THIS strange Invention, as strange as it is, will be own'd, for this is the account of it which we find in Bellarmine: and al­thoughDe Indul­gen l. 1. c. 9 sect. Existit [...]. Gerson and Dominicus à Soto are asham'd of these prodigious Indulgences, and suppose that the Pope's Quaestuaries did procure them, yet it must not be so dis­own'd; truth is truth, and it is notoriously so; and therefore a reason must be found out for it, and this is it which we have ac­counted. But the use we make of it is this; [Page 121] That since they have declar'd, that when sins are pardon'd so easily, yet the punish­ment remains so very great, and that so much must be suffered here or in Purgatory; it is strange that they should not only in effect pretend to shew more mercy than God does, or the primitive Church did; but that they should directly lay aside the pri­mitive Discipline, and while they declaim against their Adversaries for saying they are not necessary, yet at the same time they should devise tricks to take them quite a­way, so that neither Penances shall much smart here, nor Purgatory (which is a de­vice to make men be Mulata's, as the Spa­niard calls, half Christians, a device to make a man go to Heaven and to Hell too) shall not torment them hereafter. However it be, yet things are so ordered, that the noise of Penances need not trouble the greatest Criminal, unless he be so unfortunate as to live in no Countrey and near no Church, and without Priest, or friend, or money, or notice of any thing that is so loudly talk'd of in Christendom. If he be, he hath no help but one; he must live a holy and a se­vere life, which is the only great calamity which they are commanded to suffer in the Church of England: but if he be not, the case is plain, he may by these Doctrines take his ease.

SECT. IV.

The Roman Doctors themselves know how to spoil the hopes from these large grants of In­dulgences, if any should fancy that Purga­tory would quickly be emptied, and no need to continue Pensions for those that died many Years since. Though a plenary or full In­dulgence (one would think) should make all sure, yet no such matter; for there is a more full and a most full indulgence. Other things that, they say, may evacuate Indul­gences, so that they lose their force: there­fore they advise to imploy the Priest, and to multiply Masses. Cardinal Albernotius his care, by his last Will, to have fifty thou­sand Masses said for his Soul.

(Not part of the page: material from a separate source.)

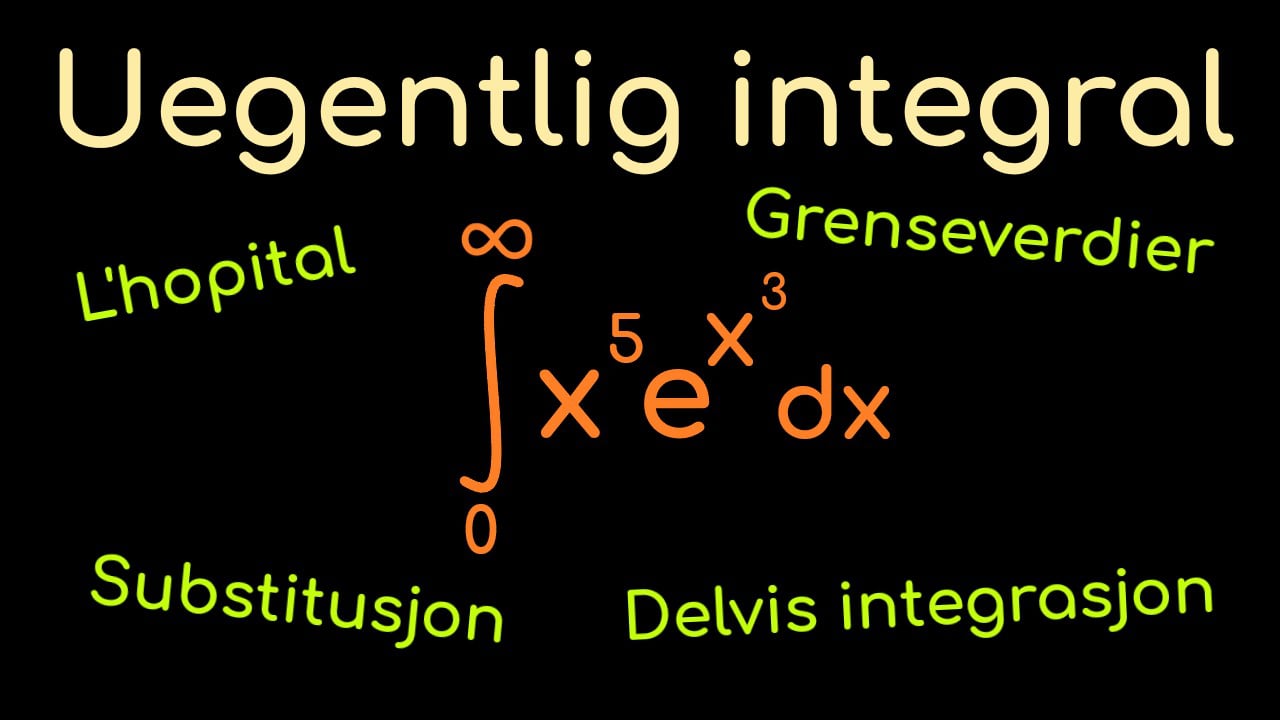 Vi løser dette uegentlige integralet hvor vi benytter oss av L'hopital, grenseverdier, substitusjon og delvis integrasjon. Eksamen mars 2017 oppgave 7

WE doubt not but they who under­stand the proper sequel of these things, will not wonder that the Church of Rome should have a numerous company of Proselytes, made up of such as the begin­ings of David's Army were. But that we may undeceive them also, for to their souls we intend charity and relief by this Ad­dress, we have thought fit to add one Con­sideration more, and that is, That it is not fit that they should trust to this, or any thing of this, not only because there is no foundation of truth in these new devices, [Page 123] but because even the Roman Doctors them­selves, when they are pinch'd with an Ob­jection, let their hold go, and to escape, do in remarkable measures destroy their own new building.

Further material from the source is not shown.